The governments of Qatar, Kuwait, Iran, Saudi Arabia, Oman, Afghanistan and Pakistan described the comments as “insulting”.

In a television debate 10 days ago on India’s rightwing news channel Times Now 1, Sharma made derogatory comments about Muslim worship and the prophet Muhammad and mocked her Muslim debate opponent. Following an outcry over the comments, Jindal posted a tweet about the prophet – that he has since deleted – which also caused anger.

The Indian ambassador to Qatar, Deepak Mittal, was summoned and given an official reprimand “expressing the disappointment of the State of Qatar and its total rejection and condemnation to the controversial remarks made by an official in the ruling party in India against Prophet Muhammad”.

Qatar demanded an apology from the Indian government, accusing it of provoking “a cycle of violence and hate”. Lolwah al-Khater, Qatar’s assistant foreign minister, said India was reaching “dangerous levels” of Islamophobic discourse.

Kuwait’s foreign ministry also summoned its Indian ambassador, Sibi George, to express its “categorical rejection and condemnation of the insulting statements” made by the BJP spokespeople.

Oman’s grand mufti, Ahmad bin Hamad al-Khalili, waded in with strong words, condemning “the insolent and obscene rudeness of the official spokesman for the ruling extremist party in India against the messenger of Islam”.

Pakistan’s new prime minister, Shehbaz Sharif, who had recently sent conciliatory messages to his Indian counterpart, Narendra Modi, said the comments were an example of how “India under Modi is trampling religious freedoms and persecuting Muslims”.

As calls for a boycott of Indian goods began to gain traction in the Gulf, an important trading and energy partner for India, the BJP government tried to dismiss the comments as “fringe elements” within the party and said they “do not, in any manner, reflect the views of the government of India”.

The BJP immediately removed both spokespeople and said “strong action has already been taken against those who made the derogatory remarks”.

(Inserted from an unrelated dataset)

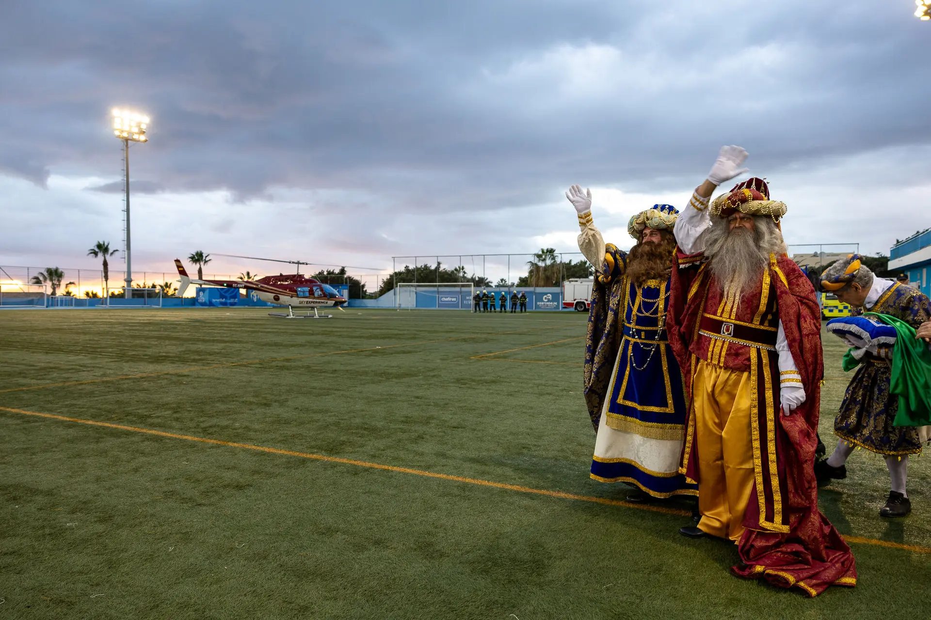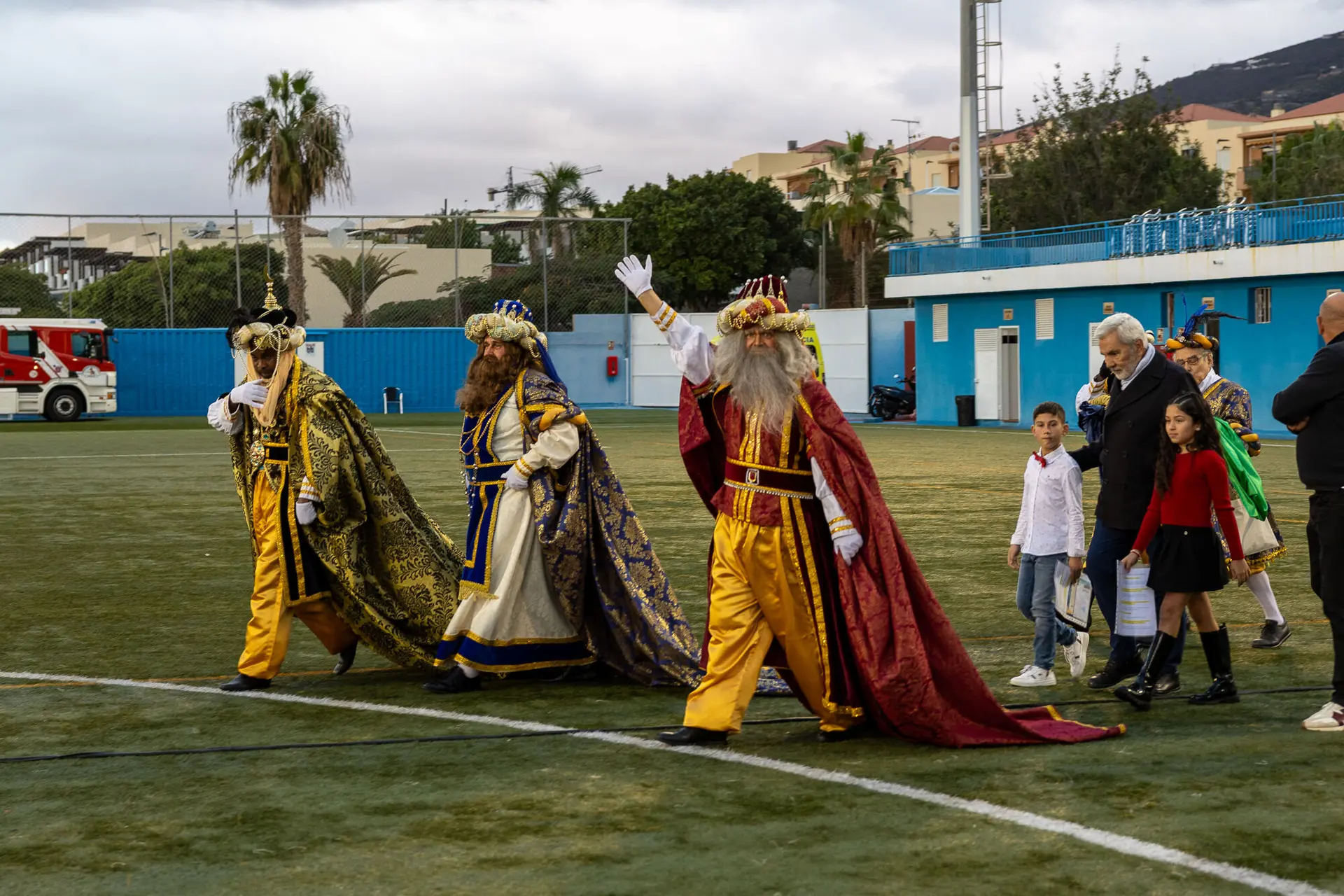 5. Januar 2026. – Ihre Majestäten, die Heiligen Drei Könige des Ostens, kamen heute per Hubschrauber in Adeje an und landeten auf dem städtischen Fußballplatz vor mehreren hundert Kindern und Familien. Obwohl die Wettervorhersage mit Unwetter drohte, fand die Ankunft Ihrer Majestäten mit nur wenigen Regentropfen statt. Bei ihrer Ankunft wurden sie vom Bürgermeister von Adeje begrüßt, der ihnen den magischen Schlüssel der Stadt überreichte, mit dem sie alle Häuser betreten und ihre Geschenke in der am sehnlichsten erwarteten Nacht des Jahres überbringen konnten.

However, many observers pointed out that the two had faced no action when their comments had first been flagged over a week ago by Muslims and civil rights activists in India. Instead there had been calls by BJP supporters for the arrest of the journalist who had called out the Islamophobic comments on social media.

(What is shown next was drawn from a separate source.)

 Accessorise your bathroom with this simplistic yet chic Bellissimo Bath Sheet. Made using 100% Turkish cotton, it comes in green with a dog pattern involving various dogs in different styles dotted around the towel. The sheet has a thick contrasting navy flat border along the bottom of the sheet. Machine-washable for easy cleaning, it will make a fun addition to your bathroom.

On India’s rightwing news television channels, anti-Muslim rhetoric is expounded nightly by supporters of the BJP but is rarely, if ever, met with apologies or retractions.

The incident highlighted the increasing tension between the domestic policies of the BJP – a Hindu nationalist party accused of systematically marginalising and overseeing the persecution of the country’s 200 million Muslims – and India’s strategic foreign objectives and growing trade with the Muslim world. Nearly 40% of India’s gas requirements come from Qatar and about 6.5 million Indians live in the Gulf region.

The diplomatic incident occurred as the Indian vice-president, M Venkaiah Naidu, visited Qatar to further deepen ties between the two countries.

The decision to expel Sharma and Jindal was met with anger from some BJP supporters, who called the decision “cowardly”.

A video is circulating online showing the militant Hindutva leader Yati Narsinghanand doubling down on their comments about the prophet Muhammad and calling all Muslims “criminals”.

A US state department report released last week documented killings, assaults, and intimidation of religious minorities in India. India’s government bristled in response, calling the report “ill informed” and “biased”.